If you’re a bit skeptical about plain old fiber lowering your odds of dying, that’s understandable, but it’s true. For nine years, The National Institutes of Health-AARP Diet and Health Study tracked more than 219,000 men and 168,000 women between the ages of 50 and 71. Compared to men and women who ate the least fiber, those who ate the most were 22 percent less likely to die for any reason.

The low-high intakes of fiber ranged from approximately 13 to 29 grams daily for men and 11 to 26 grams for women. While significant in health terms, these differences aren’t huge.

The researchers also found that high-fiber eaters had more education and lived a healthier lifestyle. But after taking into account other factors, such as smoking, the fiber-death connection still held true.

All types of plant foods naturally contain fiber but in this study, fiber from grains was the key link to a longer life. That isn’t to say that a healthy diet shouldn’t contain fiber from all types of sources, including fruits, vegetables, legumes, seeds, and nuts, but whole grain is important.

Smart Grain Choices

Switching cereals or other breakfast foods is one simple way to increase fiber. As a guide, the Food and Drug Administration allows a packaged food to be considered “high fiber” if it contains 5 grams per serving, and a “good source of fiber” with 2.5 to 4.9 grams per serving.

Many cereals and other breakfast foods meet the 5-gram requirement, such as whole grain varieties of Van’s Waffles, Puffins cereals from Barbara’s Bakery, and many bran cereals. Look for low-sugar content and no artificial additives.

Whole grain breads may or may not fall into the “good source” category, with about 2 to 3 grams of fiber per slice. Whole grain should lead the list of ingredients and, like cereal, bread shouldn’t contain loads of sugars or artificial additives.

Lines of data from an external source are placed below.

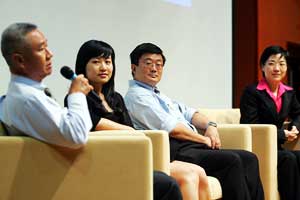 三位主讲者分别是软件公司Managed Objects亚太总经理蔡卓麟、律师钟庭辉和国大金融学助理教授张伟娜博士,他们根据各自领域的课题,分别就新加坡工作文化、法律问题和学术氛围发表演讲。
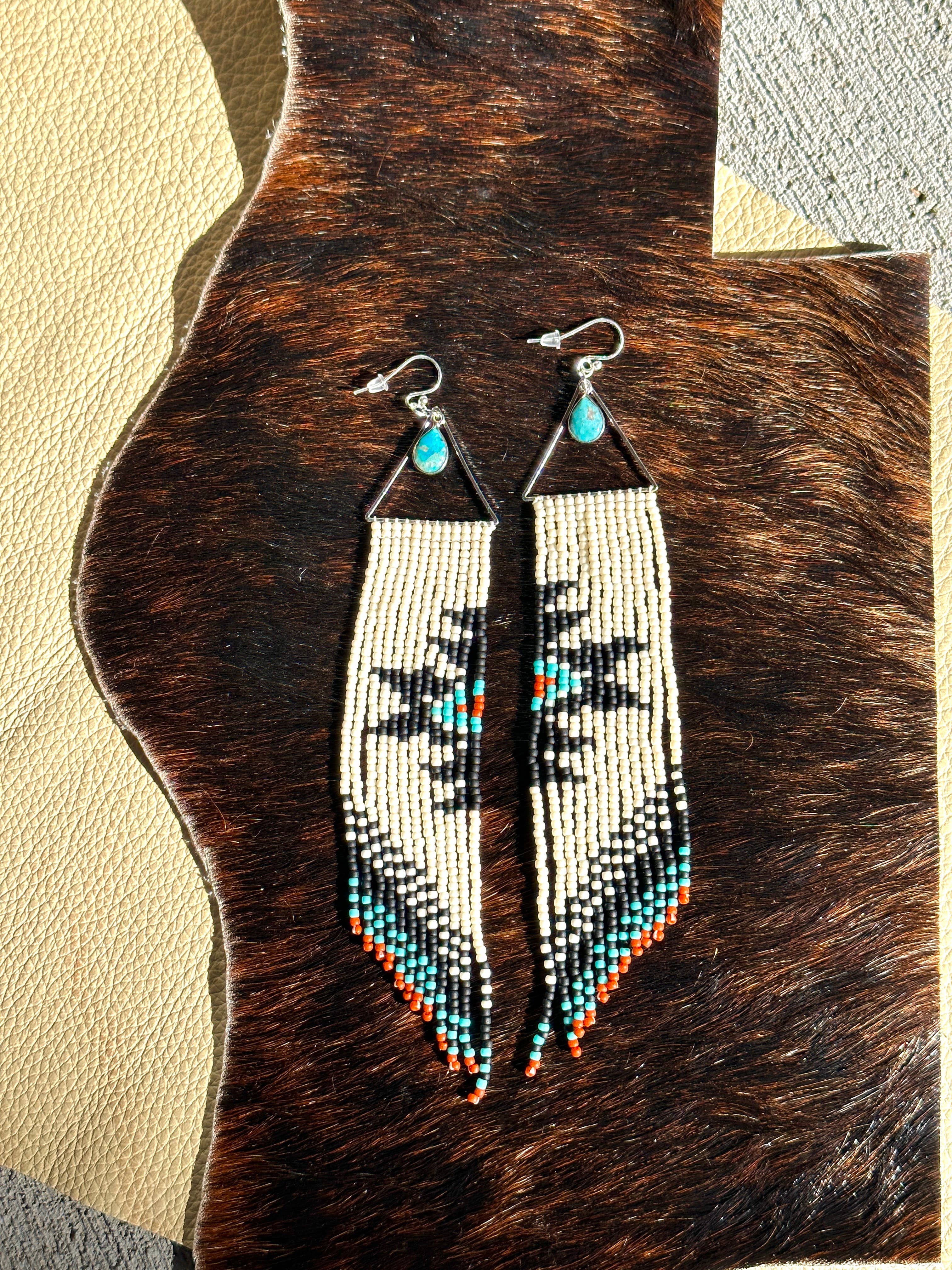 Illuminez votre journée avec ces boucles d’oreilles à franges vibrantes d’inspiration sud-ouest. Elles attirent tous les regards. Conçues d’après les motifs colorés traditionnels du serape occidental, que l’on retrouve sur les couvertures amérindiennes. J’aime la légèreté des franges qui flottent au moindre mouvement naturel. Parfaites à porter avec un jean et mes bottes préférées ! Longueur totale : 14 cm Largeur : 3,8 cm *Fabriquées avec des perles en verre Miyuki 11/0 de haute qualité. Crochets d’oreilles en argent sterling.
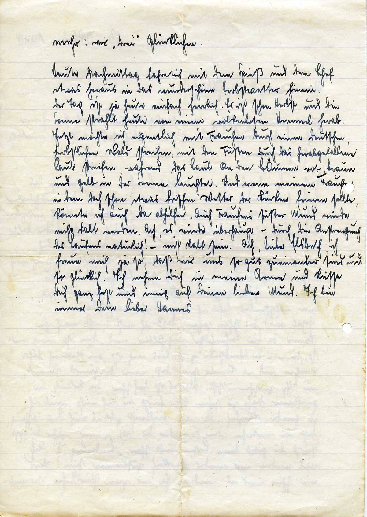 Zuvor einen herzlichen Sonntagsgruß und Dank für Deine letzten beiden Briefe. Leider ist, wie üblich, heute auf den Sonntag nichts gekommen.
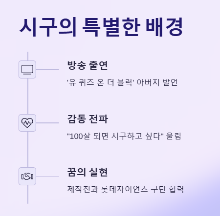 문소리가 출연했던 ‘유 퀴즈 온 더 블럭’에서 아버지 문창준 씨는 “100살이 되면 사직야구장에서 시구하고 싶다”고 말했습니다. 그 장면은 짧지만 큰 울림을 주었고, 제작진과 롯데자이언츠 구단도 해당 꿈을 응원하며 실제 이벤트로 성사시킨 것이죠.
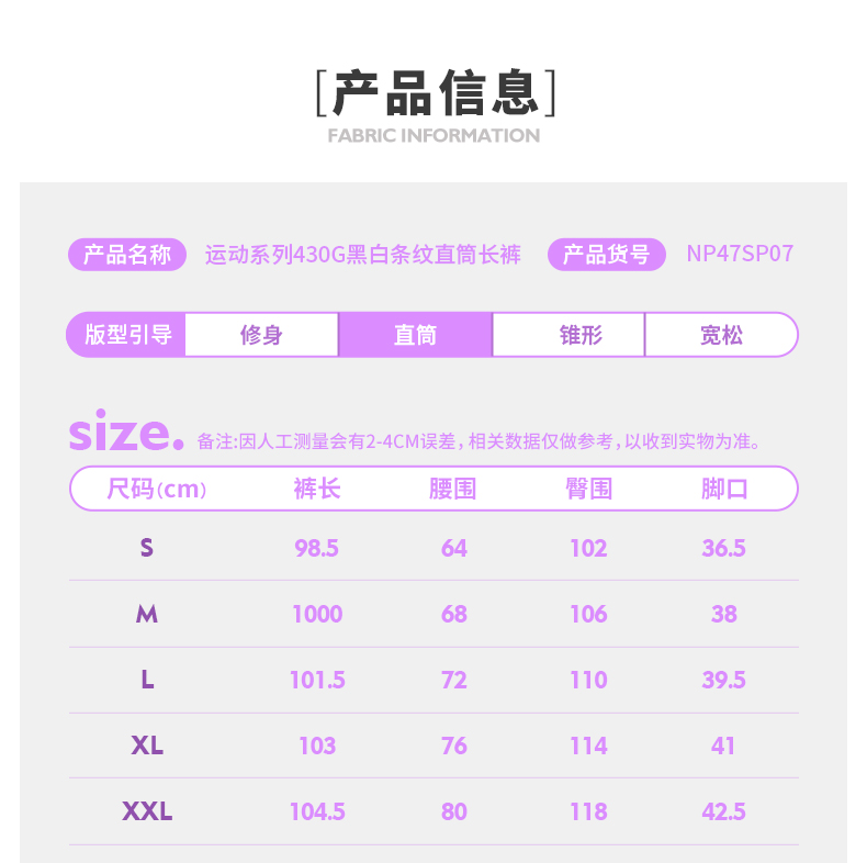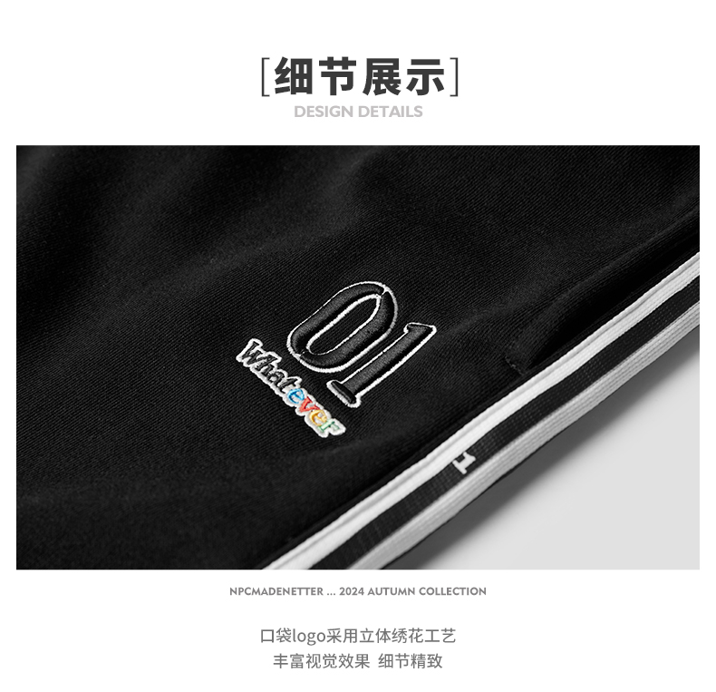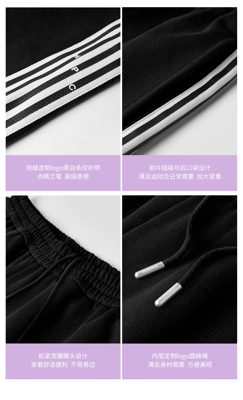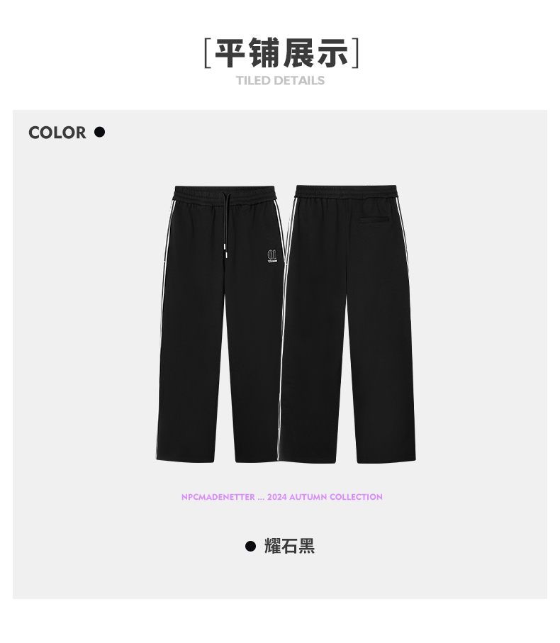 NPC潮牌运动系列重磅430G黑白条纹直筒裤卫裤男休闲舒适NP47SP07
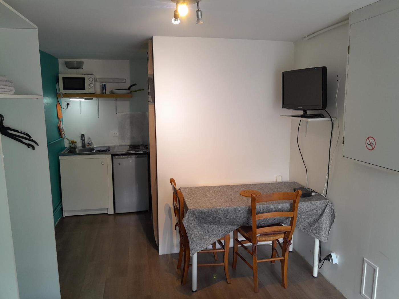 Appartement 1 Chambre. This apartment is comprised of 1 bedroom, kitchenette, a terrace and 1 bathroom with a shower. Guests will find a stovetop, a refrigerator, kitchenware and a microwave in the well-fitted kitchenette. The apartment also has a barbecue. The apartment offers a washing machine, a private entrance, a coffee machine, a flat-screen TV, as well as garden views. The unit offers 1 bed.
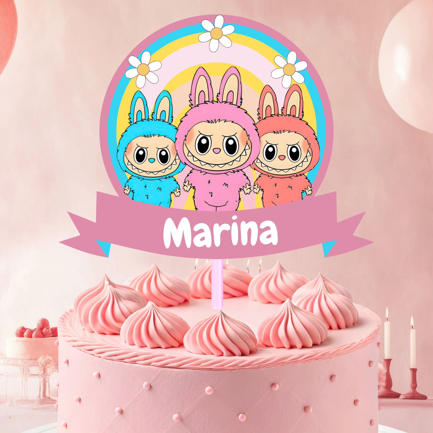 Topo de bolo Labubu super fofo e colorido, perfeito para aniversários infantis! Personalizado com o nome da criança, esse topper deixa a decoração da festa ainda mais especial. Ideal para festas temáticas, bolo decorado e mesa posta.
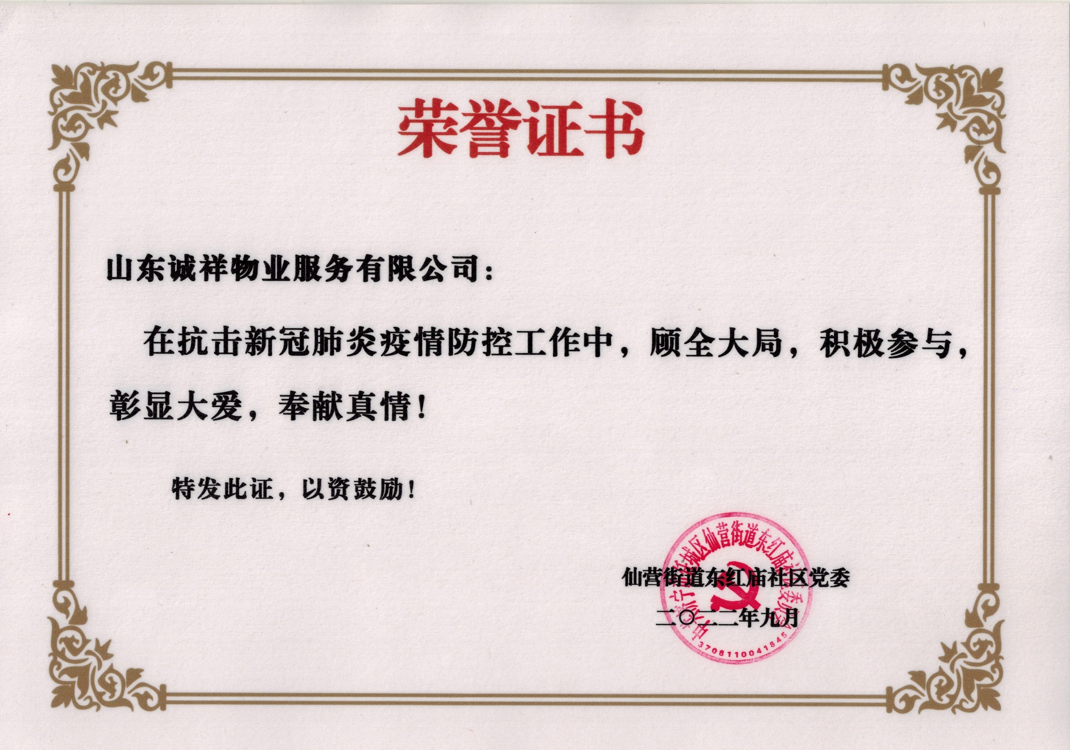 自疫情发生以来,诚祥物业全体员工临危不惧、迎难而上,舍小家为大家,一致获得业主们的高度赞扬,他们用实际行动赢得了社会和业主们的尊重与肯定。同时,诚祥物业及员工也荣获了街道社区授予的“疫情防控工作”荣誉证书,这既是地方政府单位对诚祥物业人抗击疫情工作的充分肯定,也是对诚祥物业广大员工的鞭策鼓励。

For other meals, switch from refined to whole grain versions of pasta and side dishes. For example, 1 cup of cooked brown rice is a good source with 3.5 grams of fiber and 1 cup of buckwheat groats, or kasha, has nearly 10 grams.

Other Fiber Sources

For a well-rounded diet, the key is to eat a variety of fruits and vegetables. These are some higher-fiber choices that are easy to incorporate:

1 medium apple: 4.5 grams of fiber
1 medium pear: 5.5 grams
½ cup fresh or frozen raspberries: 4-5 grams
½ cup of beans or green peas: 8-10 grams
1 medium yam: 7 grams
½ cup cooked spinach: 7 grams
½ cup canned corn: 5 grams

If you plan to increase the amount of fiber in your diet, do so in stages, as a sudden increase can cause digestive upset. On the other hand, new fiber-rich foods can add some fun to your menu. Who doesn’t like berries on cereal or waffles?